From the first line of the material below through the line containing "9月18日,中國鋼鐵工業協會", print every line exactly as it stands, but no pictures.

# Available data
Content starts

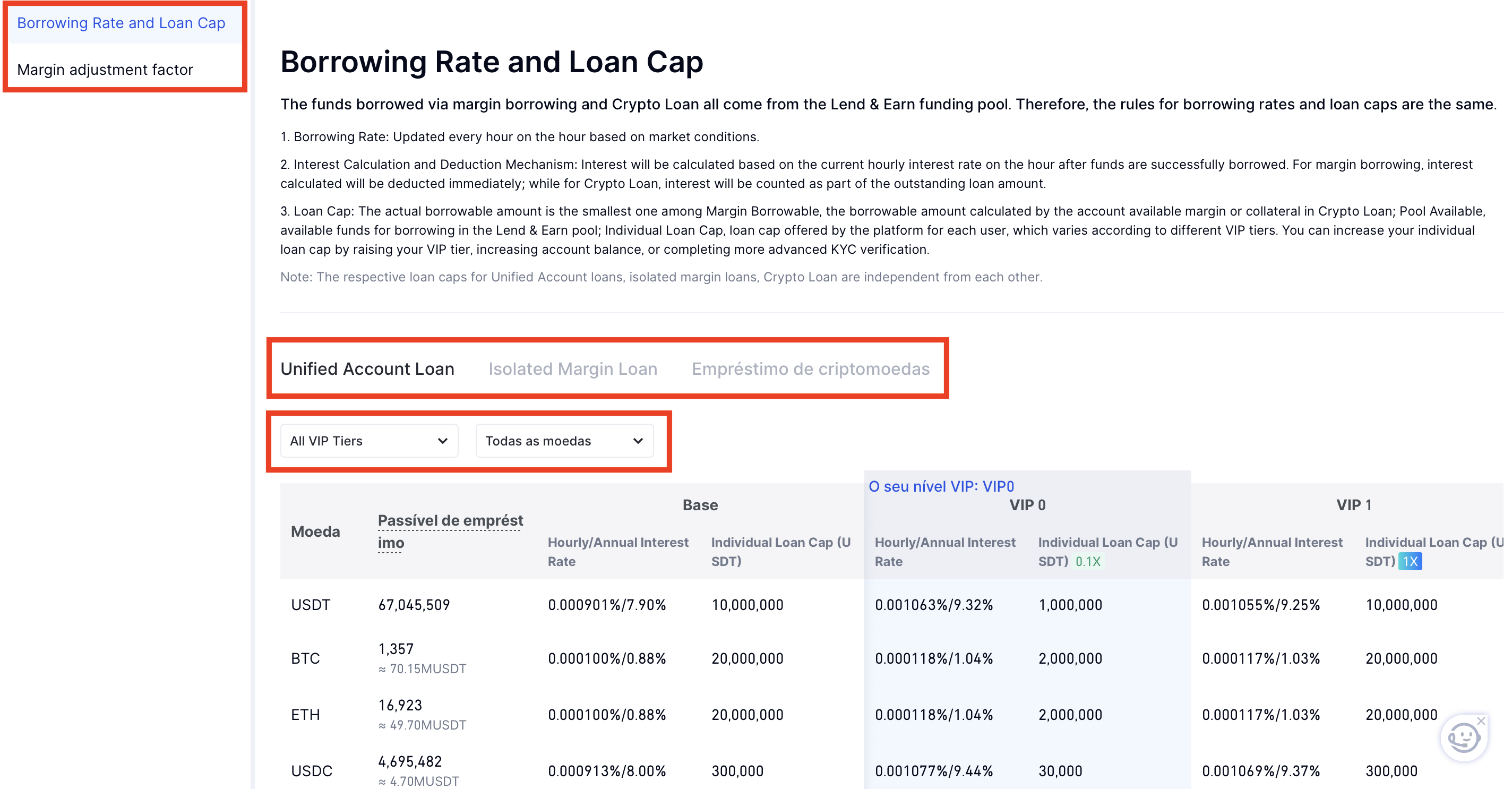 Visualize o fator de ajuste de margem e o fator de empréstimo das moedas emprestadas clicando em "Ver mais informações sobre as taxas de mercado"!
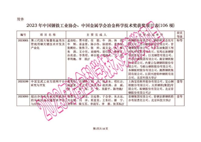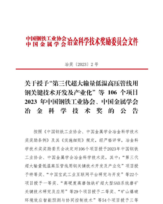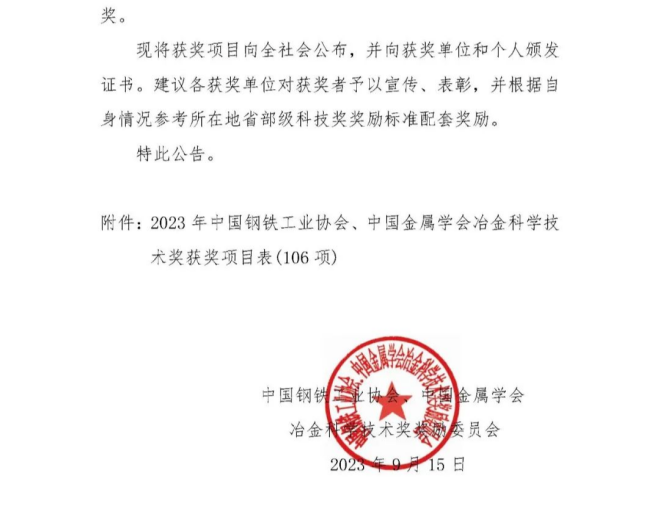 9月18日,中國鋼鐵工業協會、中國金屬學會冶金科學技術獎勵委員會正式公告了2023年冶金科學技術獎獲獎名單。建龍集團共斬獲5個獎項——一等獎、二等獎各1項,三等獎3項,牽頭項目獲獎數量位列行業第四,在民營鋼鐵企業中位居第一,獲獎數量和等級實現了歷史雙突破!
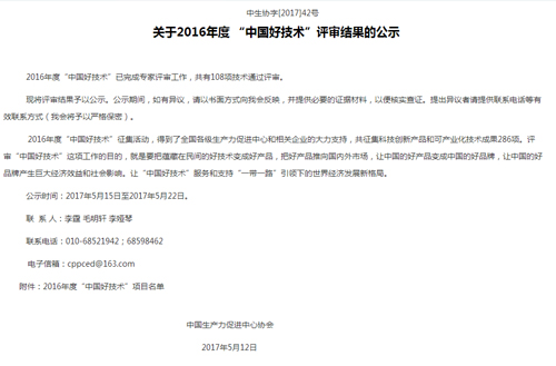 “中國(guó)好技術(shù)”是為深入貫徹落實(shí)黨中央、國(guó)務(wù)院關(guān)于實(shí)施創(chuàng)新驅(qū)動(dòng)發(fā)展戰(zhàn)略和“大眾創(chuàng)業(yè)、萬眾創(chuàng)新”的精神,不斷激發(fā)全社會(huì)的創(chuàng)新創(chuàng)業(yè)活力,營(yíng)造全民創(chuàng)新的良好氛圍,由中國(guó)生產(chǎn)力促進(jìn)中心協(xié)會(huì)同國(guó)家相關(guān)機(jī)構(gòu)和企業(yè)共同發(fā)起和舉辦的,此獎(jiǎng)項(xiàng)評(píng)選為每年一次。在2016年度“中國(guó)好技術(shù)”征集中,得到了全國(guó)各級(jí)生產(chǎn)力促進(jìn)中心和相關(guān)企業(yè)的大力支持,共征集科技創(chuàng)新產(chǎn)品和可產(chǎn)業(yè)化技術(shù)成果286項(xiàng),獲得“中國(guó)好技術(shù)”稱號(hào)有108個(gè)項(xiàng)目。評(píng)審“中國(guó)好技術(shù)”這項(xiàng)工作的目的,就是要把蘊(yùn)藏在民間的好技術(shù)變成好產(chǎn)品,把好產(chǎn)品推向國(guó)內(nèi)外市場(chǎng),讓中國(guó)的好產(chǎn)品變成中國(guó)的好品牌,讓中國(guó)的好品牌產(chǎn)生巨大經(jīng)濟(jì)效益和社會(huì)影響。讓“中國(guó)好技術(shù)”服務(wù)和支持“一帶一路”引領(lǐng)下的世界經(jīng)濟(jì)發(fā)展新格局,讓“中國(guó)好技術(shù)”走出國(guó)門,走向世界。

Content ends

# Response area
 Visualize o fator de ajuste de margem e o fator de empréstimo das moedas emprestadas clicando em "Ver mais informações sobre as taxas de mercado"!
 9月18日,中國鋼鐵工業協會、中國金屬學會冶金科學技術獎勵委員會正式公告了2023年冶金科學技術獎獲獎名單。建龍集團共斬獲5個獎項——一等獎、二等獎各1項,三等獎3項,牽頭項目獲獎數量位列行業第四,在民營鋼鐵企業中位居第一,獲獎數量和等級實現了歷史雙突破!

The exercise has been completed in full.